== What the task asks ==
All lines of the listing that contain "This" should be shown in full.

== Supplied data ==
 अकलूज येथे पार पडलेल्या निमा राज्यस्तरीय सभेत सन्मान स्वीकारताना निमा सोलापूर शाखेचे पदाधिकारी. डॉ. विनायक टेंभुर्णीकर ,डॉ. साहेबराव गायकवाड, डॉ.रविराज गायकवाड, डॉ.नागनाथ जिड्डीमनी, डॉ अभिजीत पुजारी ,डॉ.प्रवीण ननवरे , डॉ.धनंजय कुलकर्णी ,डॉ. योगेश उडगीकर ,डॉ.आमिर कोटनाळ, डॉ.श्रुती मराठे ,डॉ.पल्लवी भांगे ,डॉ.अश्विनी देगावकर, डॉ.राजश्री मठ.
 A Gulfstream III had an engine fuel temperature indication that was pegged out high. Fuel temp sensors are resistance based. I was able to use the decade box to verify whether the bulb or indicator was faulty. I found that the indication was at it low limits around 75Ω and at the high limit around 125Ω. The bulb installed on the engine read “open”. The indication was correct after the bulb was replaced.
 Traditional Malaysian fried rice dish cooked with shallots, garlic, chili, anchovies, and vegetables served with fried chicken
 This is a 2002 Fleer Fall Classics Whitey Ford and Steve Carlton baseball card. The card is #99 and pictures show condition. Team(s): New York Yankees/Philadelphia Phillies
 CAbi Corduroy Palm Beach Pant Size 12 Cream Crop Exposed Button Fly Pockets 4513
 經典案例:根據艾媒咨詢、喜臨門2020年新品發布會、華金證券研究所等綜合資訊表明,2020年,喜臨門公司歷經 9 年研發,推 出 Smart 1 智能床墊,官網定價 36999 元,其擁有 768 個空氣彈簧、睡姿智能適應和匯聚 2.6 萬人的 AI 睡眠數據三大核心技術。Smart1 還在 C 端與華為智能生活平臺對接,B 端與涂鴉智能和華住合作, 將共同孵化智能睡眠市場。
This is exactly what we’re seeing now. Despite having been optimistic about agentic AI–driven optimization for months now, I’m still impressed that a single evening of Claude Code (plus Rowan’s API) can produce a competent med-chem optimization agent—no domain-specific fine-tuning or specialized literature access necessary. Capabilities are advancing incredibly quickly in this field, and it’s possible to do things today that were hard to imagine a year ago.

* * *

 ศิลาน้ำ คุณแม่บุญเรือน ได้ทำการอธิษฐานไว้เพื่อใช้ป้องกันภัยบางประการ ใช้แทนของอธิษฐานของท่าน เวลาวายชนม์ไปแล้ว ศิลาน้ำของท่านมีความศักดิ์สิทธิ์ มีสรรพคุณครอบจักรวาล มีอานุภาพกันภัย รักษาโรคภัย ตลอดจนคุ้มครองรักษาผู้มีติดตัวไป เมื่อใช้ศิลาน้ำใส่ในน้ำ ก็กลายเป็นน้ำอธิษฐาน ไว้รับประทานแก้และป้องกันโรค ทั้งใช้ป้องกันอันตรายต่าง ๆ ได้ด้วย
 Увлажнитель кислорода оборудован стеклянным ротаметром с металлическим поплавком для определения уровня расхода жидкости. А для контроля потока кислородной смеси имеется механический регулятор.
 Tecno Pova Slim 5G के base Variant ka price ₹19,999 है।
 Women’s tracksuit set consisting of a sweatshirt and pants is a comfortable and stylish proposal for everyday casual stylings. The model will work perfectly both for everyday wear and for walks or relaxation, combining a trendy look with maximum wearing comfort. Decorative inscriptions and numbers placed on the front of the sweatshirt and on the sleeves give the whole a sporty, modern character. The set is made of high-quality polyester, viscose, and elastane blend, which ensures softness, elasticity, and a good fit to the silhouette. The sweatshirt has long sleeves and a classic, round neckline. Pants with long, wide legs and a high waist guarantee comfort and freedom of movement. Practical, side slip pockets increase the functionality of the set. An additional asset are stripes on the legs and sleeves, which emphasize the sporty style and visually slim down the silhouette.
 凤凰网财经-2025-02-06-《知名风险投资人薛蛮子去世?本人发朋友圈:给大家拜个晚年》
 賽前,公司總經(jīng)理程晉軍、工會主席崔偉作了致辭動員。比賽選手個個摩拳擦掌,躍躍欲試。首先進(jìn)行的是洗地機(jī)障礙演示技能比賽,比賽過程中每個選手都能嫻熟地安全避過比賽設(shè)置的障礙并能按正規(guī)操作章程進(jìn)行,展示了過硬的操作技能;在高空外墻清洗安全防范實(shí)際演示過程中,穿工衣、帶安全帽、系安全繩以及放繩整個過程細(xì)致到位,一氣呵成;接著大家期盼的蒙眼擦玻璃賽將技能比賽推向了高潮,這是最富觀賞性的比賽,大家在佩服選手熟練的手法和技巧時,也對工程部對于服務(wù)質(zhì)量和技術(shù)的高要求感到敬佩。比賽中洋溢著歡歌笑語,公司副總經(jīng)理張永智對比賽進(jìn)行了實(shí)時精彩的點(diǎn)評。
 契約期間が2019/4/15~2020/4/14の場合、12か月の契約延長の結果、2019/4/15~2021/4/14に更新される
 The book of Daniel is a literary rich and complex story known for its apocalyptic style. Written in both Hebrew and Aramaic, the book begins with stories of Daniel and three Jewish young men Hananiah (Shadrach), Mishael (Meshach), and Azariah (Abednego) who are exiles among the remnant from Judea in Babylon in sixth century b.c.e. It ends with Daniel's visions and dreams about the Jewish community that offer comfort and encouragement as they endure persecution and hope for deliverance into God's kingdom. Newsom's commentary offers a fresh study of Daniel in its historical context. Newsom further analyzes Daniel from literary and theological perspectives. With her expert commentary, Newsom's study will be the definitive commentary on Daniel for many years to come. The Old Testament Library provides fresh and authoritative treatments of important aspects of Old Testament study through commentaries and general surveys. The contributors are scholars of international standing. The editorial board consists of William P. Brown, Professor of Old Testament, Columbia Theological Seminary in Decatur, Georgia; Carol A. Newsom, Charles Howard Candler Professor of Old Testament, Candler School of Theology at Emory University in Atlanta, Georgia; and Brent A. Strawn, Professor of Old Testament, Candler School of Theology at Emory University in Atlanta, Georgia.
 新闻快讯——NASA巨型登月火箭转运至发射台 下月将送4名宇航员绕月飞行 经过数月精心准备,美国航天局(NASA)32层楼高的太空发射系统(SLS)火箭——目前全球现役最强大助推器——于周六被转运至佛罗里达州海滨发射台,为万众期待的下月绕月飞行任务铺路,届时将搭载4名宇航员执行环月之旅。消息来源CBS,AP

--

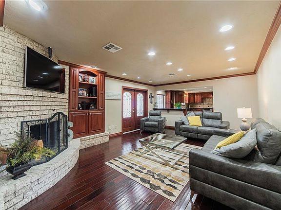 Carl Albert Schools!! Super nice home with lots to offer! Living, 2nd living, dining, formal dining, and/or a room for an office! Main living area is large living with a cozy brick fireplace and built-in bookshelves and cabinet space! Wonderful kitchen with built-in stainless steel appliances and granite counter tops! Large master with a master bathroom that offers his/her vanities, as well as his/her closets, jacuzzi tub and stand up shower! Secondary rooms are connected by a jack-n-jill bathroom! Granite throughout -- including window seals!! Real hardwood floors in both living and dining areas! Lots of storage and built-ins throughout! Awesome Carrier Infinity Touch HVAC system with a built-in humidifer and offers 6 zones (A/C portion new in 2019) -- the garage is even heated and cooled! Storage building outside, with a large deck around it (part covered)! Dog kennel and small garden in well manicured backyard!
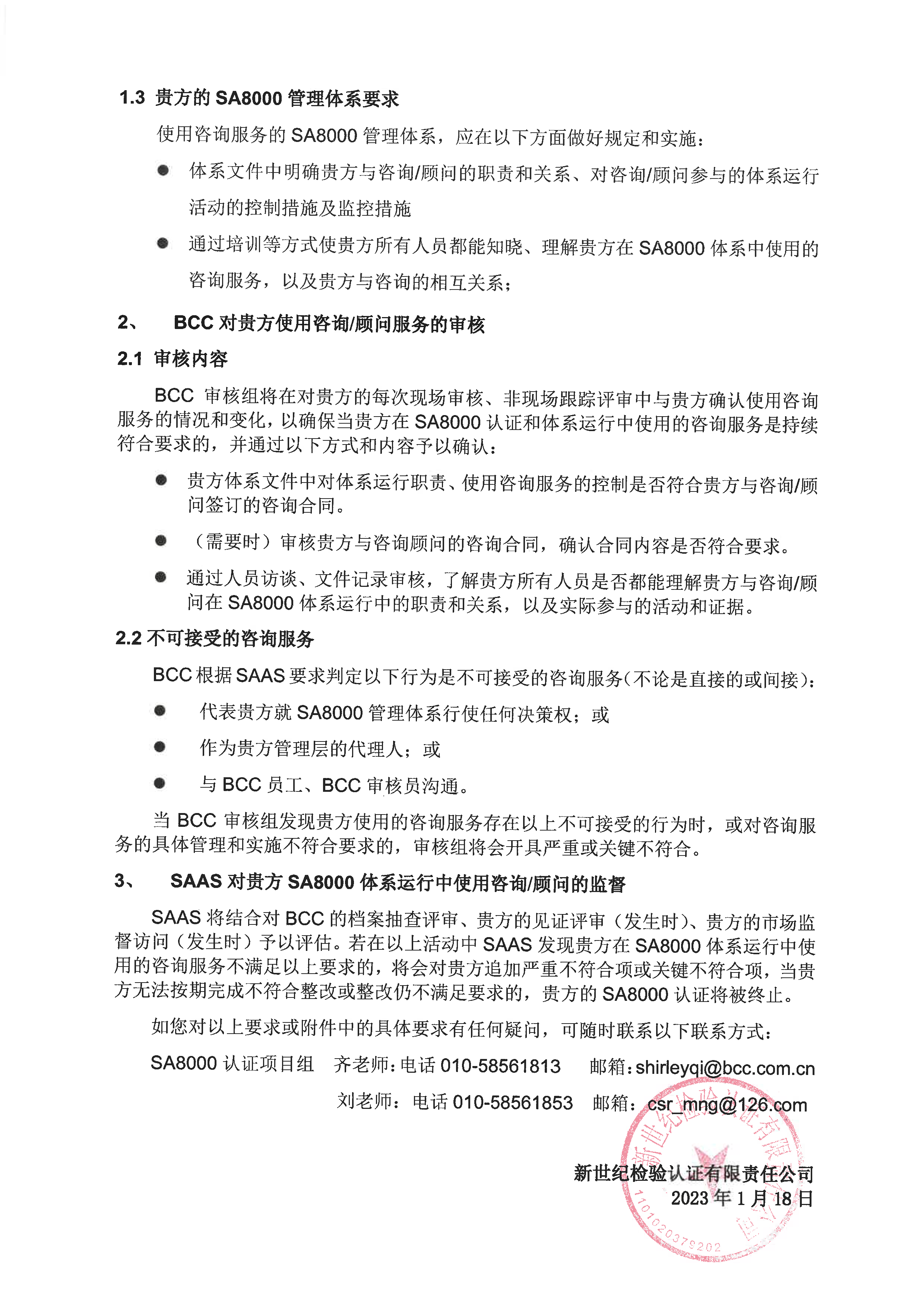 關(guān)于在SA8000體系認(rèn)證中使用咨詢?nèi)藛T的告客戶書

== Problem solution ==
 This is a 2002 Fleer Fall Classics Whitey Ford and Steve Carlton baseball card. The card is #99 and pictures show condition. Team(s): New York Yankees/Philadelphia Phillies
This is exactly what we’re seeing now. Despite having been optimistic about agentic AI–driven optimization for months now, I’m still impressed that a single evening of Claude Code (plus Rowan’s API) can produce a competent med-chem optimization agent—no domain-specific fine-tuning or specialized literature access necessary. Capabilities are advancing incredibly quickly in this field, and it’s possible to do things today that were hard to imagine a year ago.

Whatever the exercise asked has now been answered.